Whether South Dakota enacts AI legislation or not, having clear documentation of your AI governance practices demonstrates your commitment to responsible AI use—to customers, employees, regulators, and business partners.

The AI regulatory landscape will continue evolving rapidly. The businesses that thrive will be those that view compliance not as a burden but as a foundation for building trust and using AI responsibly. Start building that foundation today.

Frequently Asked Questions

Does South Dakota have specific AI laws for small businesses?

No, South Dakota has not enacted any AI-specific legislation as of February 2026. The state consistently ranks as one of the most business-friendly in the nation with minimal state-level privacy laws. However, federal regulations from the FTC, EEOC, and industry-specific agencies still apply to all South Dakota businesses using AI.

What should my South Dakota business do right now about AI compliance?

Start by conducting an AI audit to identify every tool your business uses, then review customer-facing AI for accuracy and disclosure needs. Update your privacy policy to mention AI use, assess vendor compliance, implement disclosure practices, and train key staff on basic compliance principles. Focus your efforts on high-risk AI applications first.

Can South Dakota businesses be affected by other states' AI laws?

Yes. If your South Dakota business serves customers in states with AI laws like California, Colorado, or Connecticut, you may need to comply with those states' requirements for those customers.

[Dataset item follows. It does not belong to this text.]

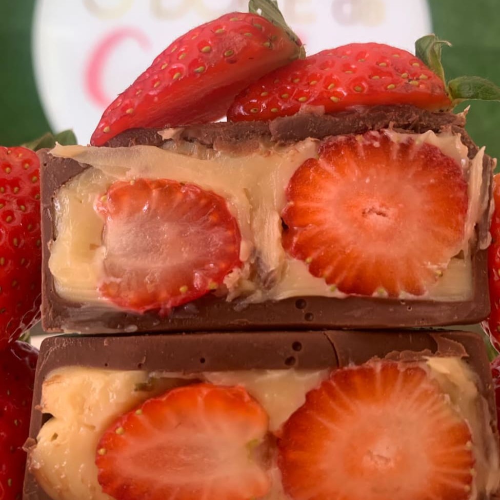 Massa caseira de chocolate , morangos frescos , brigadeiro choc Branco cremoso e brigadeiro chocolate ao leite cremoso
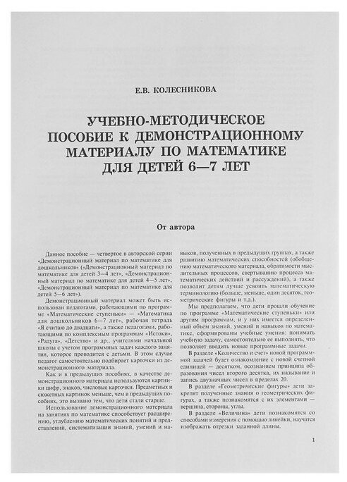 Демонстрационный материал предназначен для работы педагога с детьми 6-7 лет на занятиях по развитию математических представлений. Комплект разрезных карточек разработан в соответствии с содержанием книги "Математика для дошкольников 6-7 лет" и ра6очей тетради "Я считаю до двадцати". Материал карточек соответствует содержанию раздела "Развитие математических представлений" в комплексных программах "Истоки", "Радуга", "Детство" и т.д. Представлены следующие разделы: количество и счет, геометрические фигуры, величина, ориентировка во времени, ориентировка в пространстве, логические задачи, развитие внимания. Рекомендуется педагогам дошкольных о6разовательных учреждений, гувернерам, родителям для занятий с детьми.

Interstate commerce considerations apply, and many AI vendors build products to meet the strictest state standards, meaning your tools may already incorporate compliance features.

What penalties can South Dakota businesses face for AI non-compliance?

While South Dakota lacks state-level AI penalties, federal enforcement is real. The FTC has levied multi-million dollar settlements for AI-related violations. EEOC complaints about AI hiring discrimination can result in back pay, damages, and mandatory system changes. Private lawsuits including class actions for biased algorithmic decisions are also a growing risk.